Naquela tarde o pôr do sol não teve o mesmo brilho, anoiteceu rápido e eu me dei conta que íamos ao shopping buscar as fotos que ele tinha deixado para revelar. Desci e corri para o chuveiro antes que alguém notasse meu rosto vermelho e meus olhos inchados. Já pronta, sentei-me na calçada e me pus a riscar o chão com uma pedra. Senti um cheiro gostoso aproximando-se, quando ele chegou perto, lindo, todo arrumado, cabelo molhado, recém-saído do banho, exibindo aquele sorriso que só ele tinha. Levantei-me e olhando nos meus olhos ele disse: -Eu não quero ir embora! E antes que eu pudesse ter qualquer reação, senti seus braços me envolverem num forte abraço e sua mão, carinhosamente, alisar meu rosto, enquanto sua boca foi ao encontro da minha. Senti então um beijo doce e carinhoso. Uau! Nosso primeiro beijo e no mesmo lugar onde nos falamos pela primeira vez! As estrelas do céu brilhavam intensamente, cada uma de uma cor, sentia como se estivesse andando nas nuvens, parecia estar voando, eu estava sonhando. Ser acordada naquele momento seria o pior pesadelo! Aquele beijo jamais sairia da minha cabeça, aquele cheiro, aquele abraço. Seguimos de mãos dadas para o carro, pegamos o resto do pessoal e fomos ao shopping. Havia alguma coisa no ar, mas ninguém sabia o que era, ninguém poderia entender…

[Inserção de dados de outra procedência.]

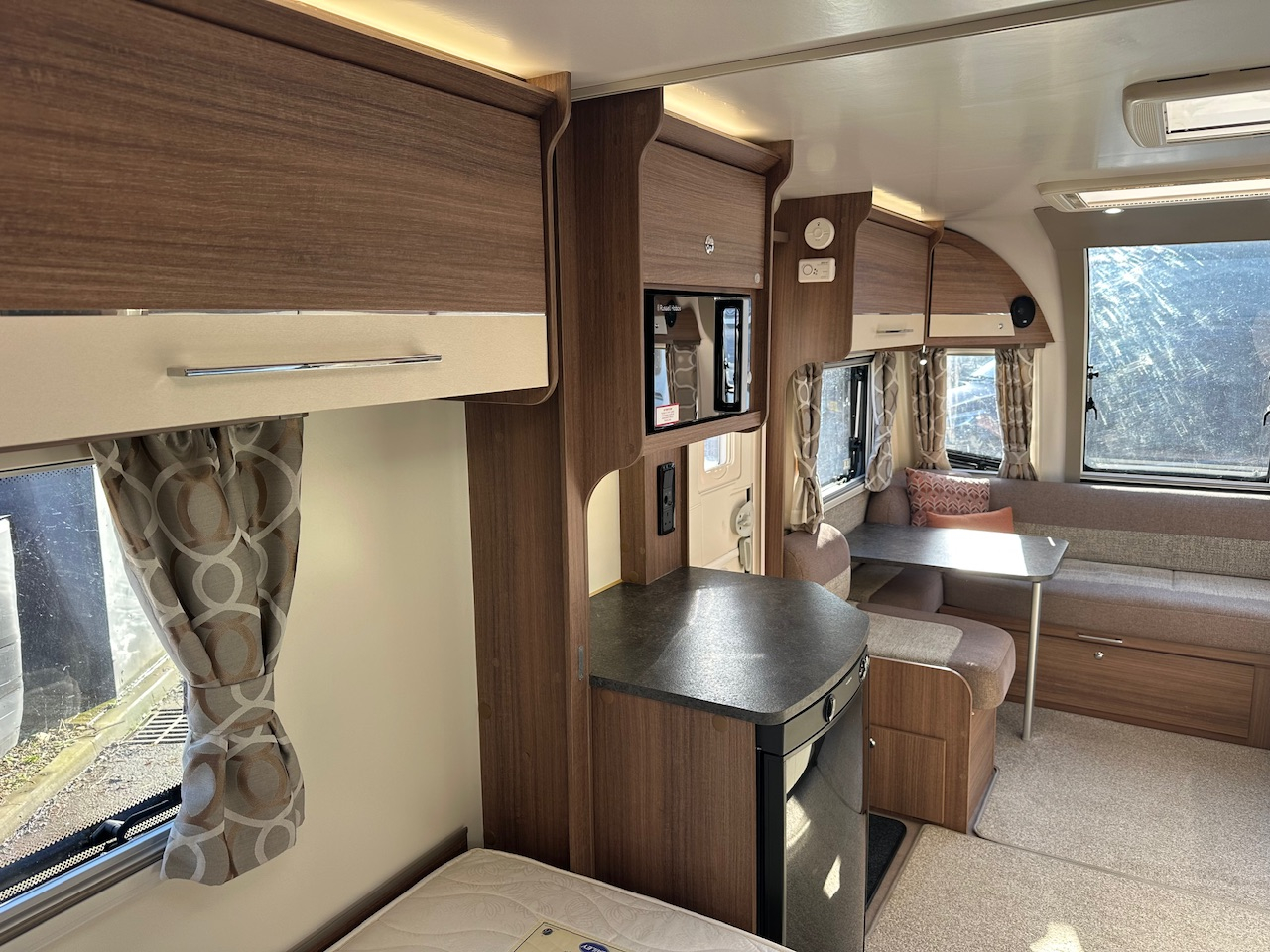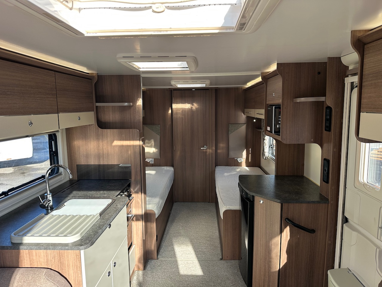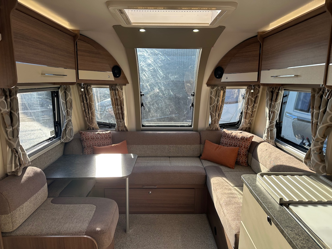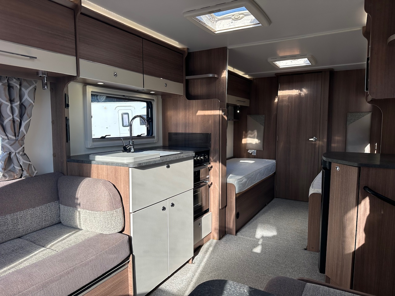 2019 Bailey Pegasus Grande Rimini 4 Berth Touring Caravan, End Washroom With Domestic Style Shower & Electric Flush Cassette Toilet, Twin Single Fixed Beds, Front Dinette Conversion, Truma Heating, 3 Way Fridge, Gas Hob & Oven, Microwave, Hot Water, Solar Panel, External Gas BBQ Connection, Window Blinds And Fly Screens, Alloy Wheels, ATC Alko Trailer Control, Under Bed Access Locker Doors And Much More.Please Call.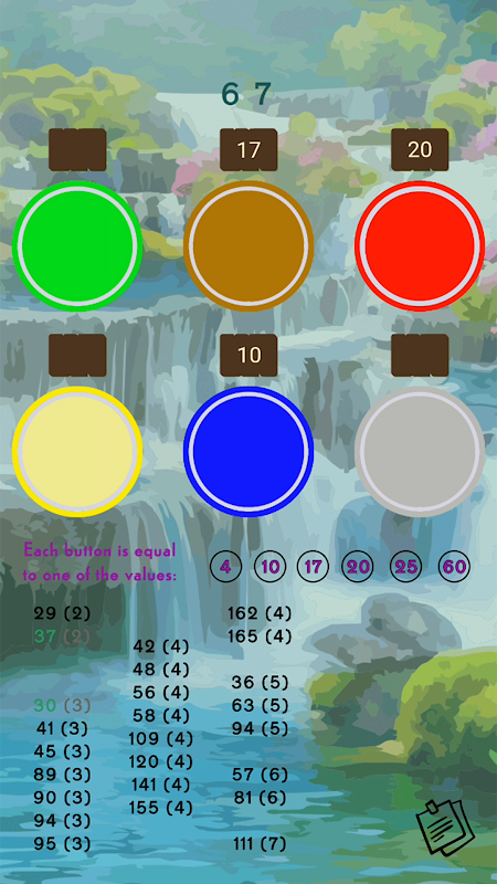 Train your math skills while playing. Game sence consists of hidden objects - numerical values. You must determine them and find all combinations of this puzzle to get points.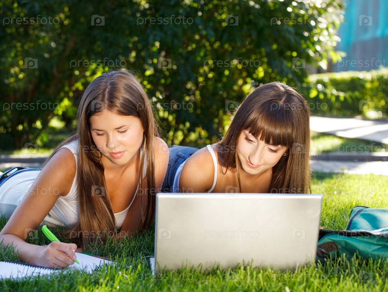 Счастливые молодые девушки с компьютером
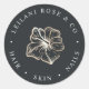 Label your business correspondence or products with these chic stickers that match our Hibiscus Flower logo branding suite for hairstylists, salons, boutiques or any beach-based or island business. Rich soft black stickers feature a faux gold foil hibiscus flower illustration in the center, with two text fields curving around the outside, in classic white lettering.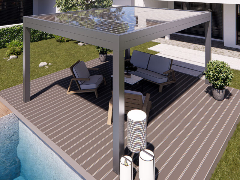 Il sistema di fissaggio viene effettuato mediante un sistema proprietario PERGOSOLAR.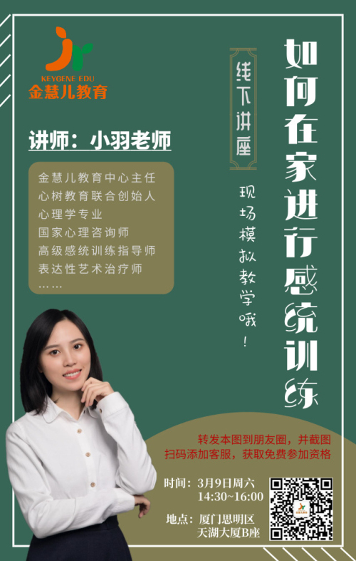 本次讲座,金慧儿教育中心主任小羽老师将为家长指导居家感统游戏具体如何开展,及其中的注意事项等,并会现场模拟手把手教学,让家长更有方向与自信来开展家庭训练。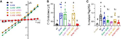Figure 6. Functional investigate the boundaries of the disordered Loop within STAS domain of SLC26A9.A, I to V relationship obtained from voltage-clamp experiments in Xenopus oocytes expressing SLC26A9-WT, SLC26A9 ΔLoop, SLC26A9 ΔLoop + Δ5(N), SLC26A9 ΔLoop + Δ10(N), SLC26A9 ΔLoop + Δ5(C), and SLC26A9 ΔLoop + Δ10(C) in standard ND96 solution. For clarity, SDs are not shown here but rather in Fig. S1. B, the conductance calculated as the slope of I to V curves from voltage-clamp experiments in Xenopus oocytes expressing SLC26A9 WT, SLC26A9 ΔLoop, SLC26A9 ΔLoop+Δ5(N), SLC26A9 ΔLoop+Δ10(N), SLC26A9 ΔLoop+Δ5(C), and SLC26A9 ΔLoop+Δ10(C) in standard ND96 solution. Individual points in bar graphs are individual oocyte experiments. Error bars represent mean ± SD (n = 10–12). The results of the statistical analysis are indicated by lowercase letters, that is,. groups sharing letters are statistically similar, whereas those not sharing any letters are significantly different (p < 0.0001, one-way ANOVA with post hoc Tukey test for multiple comparisons). C, the normalized ratio of anti-Flag signal versus wheat germ agglutinin (WGA) signal representing the relative surface protein expression level were displayed for triple-Flag–tagged SLC26A9WT, triple-Flag–tagged SLC26A9 ΔLoop, triple-Flag–tagged SLC26A9 ΔLoop+Δ5(N), triple-Flag–tagged SLC26A9 ΔLoop+Δ10(N), triple-Flag–tagged SLC26A9 ΔLoop+Δ5(C), and triple-Flag–tagged SLC26A9 ΔLoop+Δ10(C). The uninjected oocytes were used as negative controls. Individual points in bar graphs are individual oocyte experiments. Error bars represent mean ± SD (n = 10–12). The results of the statistical analysis are indicated by lowercase letters, that is,. groups sharing letters are statistically similar, whereas those not sharing any letters are significantly different (p < 0.0001, one-way ANOVA with post hoc Tukey test for multiple comparisons). Representative stained oocyte images used for quantification (panel C) are shown in Fig. S2. STAS, sulfate transporter and anti-sigma. |

Eis que chega o dia da partida, aproveitamos cada minuto juntos, fomos à praia, passeamos no calçadão, porém, faltava alguma coisa, sentamos lado a lado, observando as ondas do mar, podia sentir o ritmo de sua respiração: ofegante e profunda. Após o almoço, quando todos se dirigiam à calçada da casa, ele parou e me puxou para me dar o último abraço, parecia que não ia acabar e, finalmente, nosso último beijo, o beijo doce, mas com gostinho de despedida, meu coração acelerou descompassadamente e enquanto todos se despediam, saí de fininho e fui para meu cantinho, onde tudo começou, fiquei apenas observando o velho Corcel levar embora aquele sorriso que trouxe o meu primeiro amor de verão.